EXERCISE OBJECTIVE
Write down each of the records again, exactly and in full.

DATA EXTRACTS
********
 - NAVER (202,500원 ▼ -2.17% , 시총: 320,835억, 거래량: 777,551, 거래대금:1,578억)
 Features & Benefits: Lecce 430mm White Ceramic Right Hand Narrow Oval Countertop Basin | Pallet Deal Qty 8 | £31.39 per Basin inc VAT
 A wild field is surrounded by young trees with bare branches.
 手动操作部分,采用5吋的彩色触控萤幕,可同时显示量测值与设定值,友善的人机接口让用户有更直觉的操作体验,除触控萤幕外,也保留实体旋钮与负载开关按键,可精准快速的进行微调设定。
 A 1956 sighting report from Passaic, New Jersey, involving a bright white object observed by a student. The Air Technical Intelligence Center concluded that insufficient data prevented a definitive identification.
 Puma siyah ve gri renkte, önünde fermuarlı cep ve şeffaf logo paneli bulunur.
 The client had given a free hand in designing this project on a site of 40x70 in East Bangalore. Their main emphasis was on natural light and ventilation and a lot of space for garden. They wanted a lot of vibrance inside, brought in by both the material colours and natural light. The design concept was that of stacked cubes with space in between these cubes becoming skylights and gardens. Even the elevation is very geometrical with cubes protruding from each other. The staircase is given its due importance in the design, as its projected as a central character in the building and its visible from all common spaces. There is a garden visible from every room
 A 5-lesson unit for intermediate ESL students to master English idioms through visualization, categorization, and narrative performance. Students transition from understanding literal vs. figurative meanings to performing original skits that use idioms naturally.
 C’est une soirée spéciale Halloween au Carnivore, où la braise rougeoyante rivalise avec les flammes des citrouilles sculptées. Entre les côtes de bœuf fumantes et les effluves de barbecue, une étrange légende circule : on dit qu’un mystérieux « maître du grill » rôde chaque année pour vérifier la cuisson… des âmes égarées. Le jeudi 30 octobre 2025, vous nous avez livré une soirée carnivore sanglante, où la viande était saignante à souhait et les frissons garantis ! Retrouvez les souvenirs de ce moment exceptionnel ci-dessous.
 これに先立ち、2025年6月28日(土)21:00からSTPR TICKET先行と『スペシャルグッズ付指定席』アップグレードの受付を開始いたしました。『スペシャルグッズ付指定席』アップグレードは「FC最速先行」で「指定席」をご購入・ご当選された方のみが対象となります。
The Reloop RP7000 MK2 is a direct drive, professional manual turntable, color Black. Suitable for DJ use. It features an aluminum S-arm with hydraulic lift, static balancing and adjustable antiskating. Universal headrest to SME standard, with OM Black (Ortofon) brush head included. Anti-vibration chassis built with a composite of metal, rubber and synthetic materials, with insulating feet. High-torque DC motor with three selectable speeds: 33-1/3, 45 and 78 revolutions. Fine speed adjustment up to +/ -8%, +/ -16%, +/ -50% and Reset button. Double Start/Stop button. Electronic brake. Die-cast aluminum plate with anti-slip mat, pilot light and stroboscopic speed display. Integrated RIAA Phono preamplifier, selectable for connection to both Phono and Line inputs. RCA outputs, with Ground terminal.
********
TASK RESPONSE
 - NAVER (202,500원 ▼ -2.17% , 시총: 320,835억, 거래량: 777,551, 거래대금:1,578억)
 Features & Benefits: Lecce 430mm White Ceramic Right Hand Narrow Oval Countertop Basin | Pallet Deal Qty 8 | £31.39 per Basin inc VAT
 A wild field is surrounded by young trees with bare branches.
 手动操作部分,采用5吋的彩色触控萤幕,可同时显示量测值与设定值,友善的人机接口让用户有更直觉的操作体验,除触控萤幕外,也保留实体旋钮与负载开关按键,可精准快速的进行微调设定。
 A 1956 sighting report from Passaic, New Jersey, involving a bright white object observed by a student. The Air Technical Intelligence Center concluded that insufficient data prevented a definitive identification.
 Puma siyah ve gri renkte, önünde fermuarlı cep ve şeffaf logo paneli bulunur.
 The client had given a free hand in designing this project on a site of 40x70 in East Bangalore. Their main emphasis was on natural light and ventilation and a lot of space for garden. They wanted a lot of vibrance inside, brought in by both the material colours and natural light. The design concept was that of stacked cubes with space in between these cubes becoming skylights and gardens. Even the elevation is very geometrical with cubes protruding from each other. The staircase is given its due importance in the design, as its projected as a central character in the building and its visible from all common spaces. There is a garden visible from every room
 A 5-lesson unit for intermediate ESL students to master English idioms through visualization, categorization, and narrative performance. Students transition from understanding literal vs. figurative meanings to performing original skits that use idioms naturally.
 C’est une soirée spéciale Halloween au Carnivore, où la braise rougeoyante rivalise avec les flammes des citrouilles sculptées. Entre les côtes de bœuf fumantes et les effluves de barbecue, une étrange légende circule : on dit qu’un mystérieux « maître du grill » rôde chaque année pour vérifier la cuisson… des âmes égarées. Le jeudi 30 octobre 2025, vous nous avez livré une soirée carnivore sanglante, où la viande était saignante à souhait et les frissons garantis ! Retrouvez les souvenirs de ce moment exceptionnel ci-dessous.
 これに先立ち、2025年6月28日(土)21:00からSTPR TICKET先行と『スペシャルグッズ付指定席』アップグレードの受付を開始いたしました。『スペシャルグッズ付指定席』アップグレードは「FC最速先行」で「指定席」をご購入・ご当選された方のみが対象となります。
The Reloop RP7000 MK2 is a direct drive, professional manual turntable, color Black. Suitable for DJ use. It features an aluminum S-arm with hydraulic lift, static balancing and adjustable antiskating. Universal headrest to SME standard, with OM Black (Ortofon) brush head included. Anti-vibration chassis built with a composite of metal, rubber and synthetic materials, with insulating feet. High-torque DC motor with three selectable speeds: 33-1/3, 45 and 78 revolutions. Fine speed adjustment up to +/ -8%, +/ -16%, +/ -50% and Reset button. Double Start/Stop button. Electronic brake. Die-cast aluminum plate with anti-slip mat, pilot light and stroboscopic speed display. Integrated RIAA Phono preamplifier, selectable for connection to both Phono and Line inputs. RCA outputs, with Ground terminal.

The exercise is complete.